Наконец я одолел ее, расправил рубашку и, не выжимая, повесил на плечики над ванной. Меньше будет проблем с глажкой… И настало самое трудное — платок, фуляр. Намокший шелк тут же перекосился, слипся в жгут, расправить его, чтобы потереть — а пачкается он, естественно, не меньше, чем рубашечный воротник — не было никаких сил, руки под холодной струей совсем окоченели, а при первой же попытке воспользоваться еще не остывшим чайником с тряпки потекла красноватая вода, «ланвэн» стал линять, вот тебе и на, интересно, чего ж это он раньше не линял?

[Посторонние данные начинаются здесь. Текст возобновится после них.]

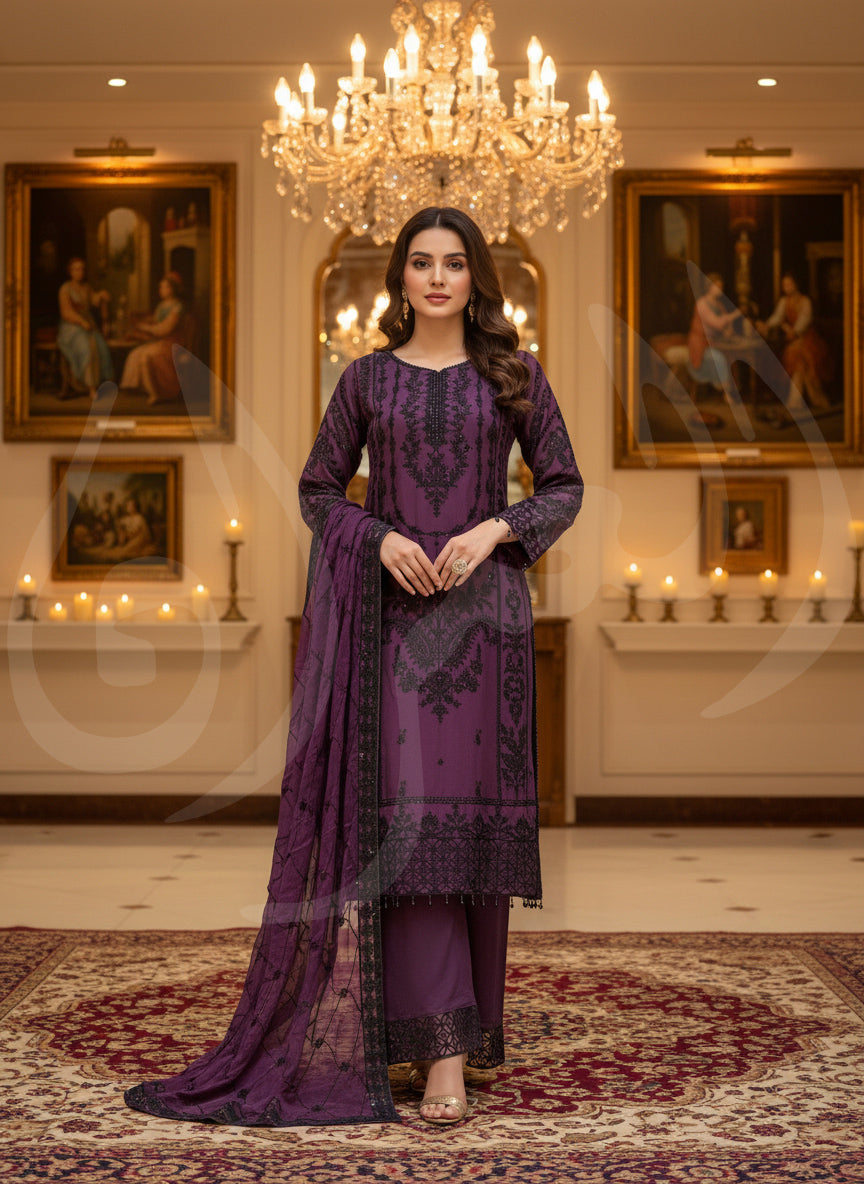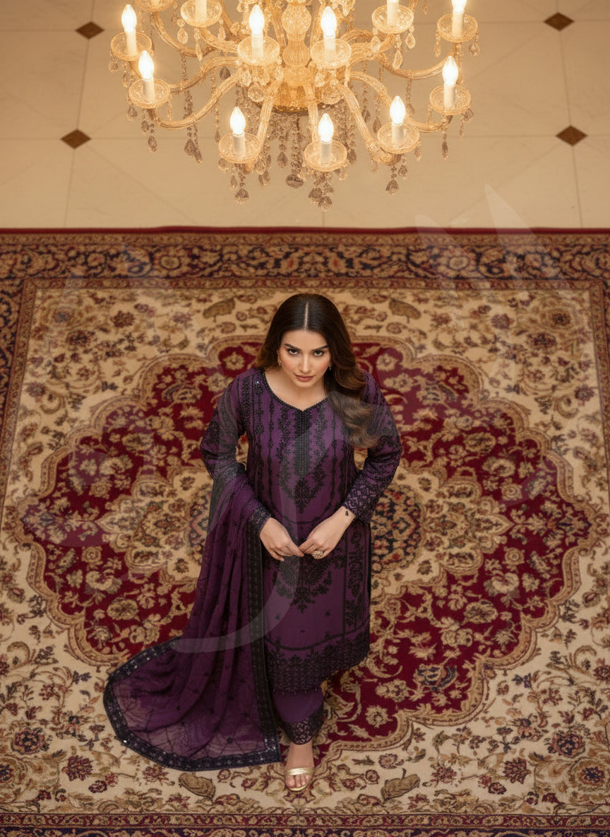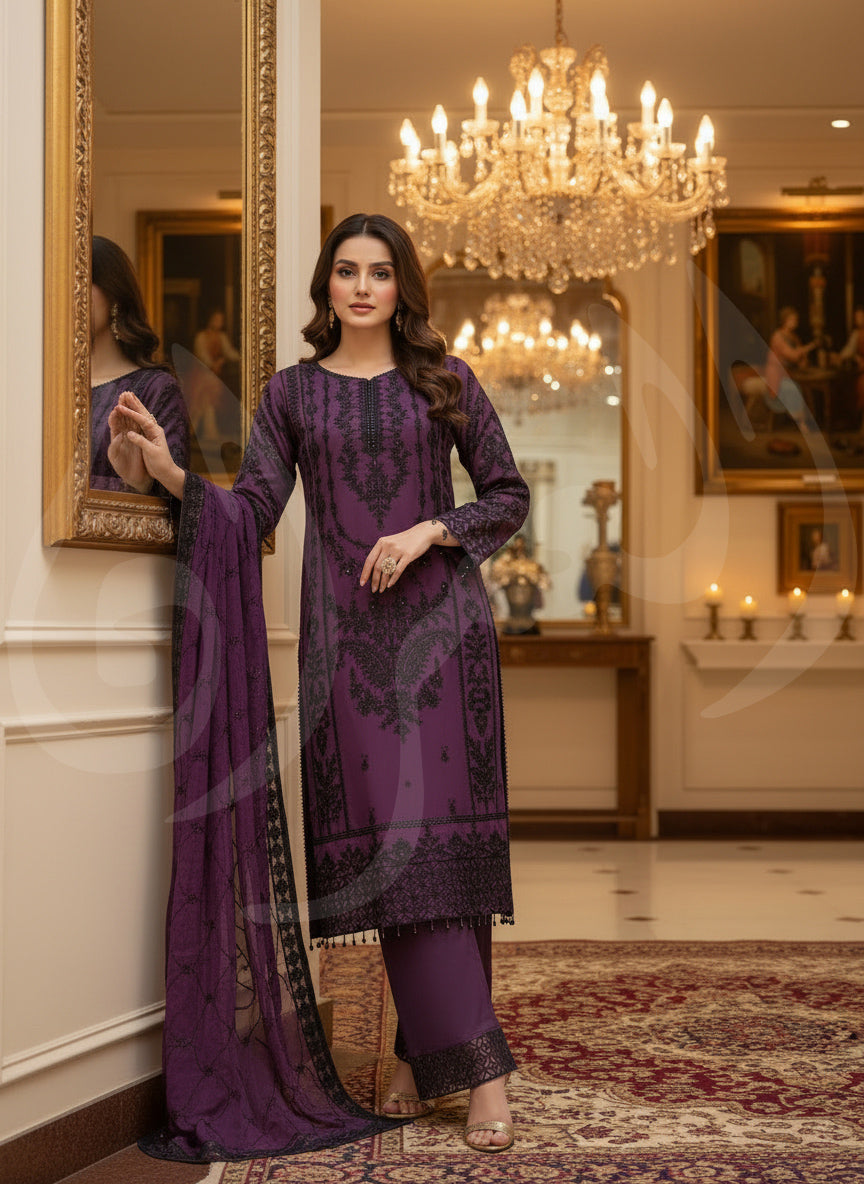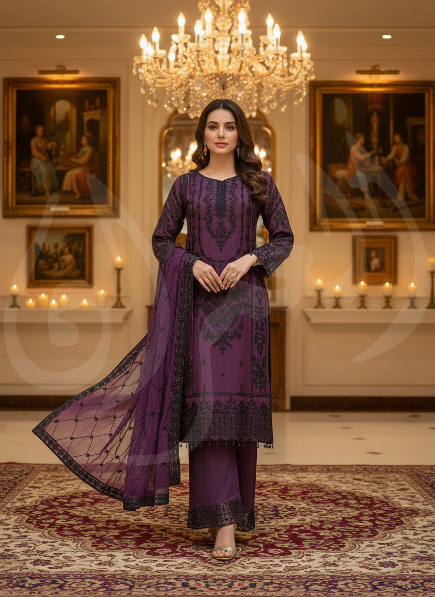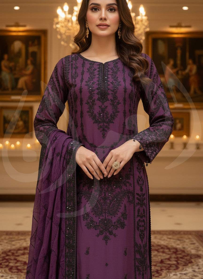 Step into elegance with this stunning ladies’ ensemble crafted in soft chiffon, paired with a graceful chiffon dupatta and comfy grip trousers. Adorned with intricate thread embroidery, sparkling sequins, and delicate pearls, this outfit radiates sophistication and charm—perfect for festive occasions, casual gatherings, or making a stylish statement wherever you go.

Когда я все развесил и вытер размытые до сморщенной кожи, как положено прачке, руки, было уже около десяти. Жутко захотелось есть, как обычно к этому времени, если накануне пил и ел поздно вечером, если просыпался в пять, растворял соду от изжоги, принимал аллохол и снова задремывал в седьмом часу, чтобы в восемь проснуться уже окончательно… Я надел часы, на время купания и стирки повешенные на крюк, снял с этого же крюка черное, ставшее уже белесым от носки, кимоно, натянул его, туго подпоясал и открыл дверь ванной.
Кошка сидела в узком коридоре и внимательно смотрела на меня снизу вверх. У нее не было никаких комплексов маленького существа, она не боялась меня, не завидовала моему росту, обходилась со мной нежно и строго, могла слегка укусить — в основном за то, что я пытался встать или хотя бы сменить позу, когда она сидела у меня на коленях, а лежа рядом со мной целовала в губы, по всем правилам, и тут же прижималась к щеке, как это всегда делают давние, привязавшиеся друг к другу партнеры. Она досталась мне стерилизованной, и поэтому теперь наши темпераменты все более совпадали.
— Пошли, кошка, — сказал я, — кофе пить. Ты, рожа, позавтракала, а я стираю целое утро, как золушка…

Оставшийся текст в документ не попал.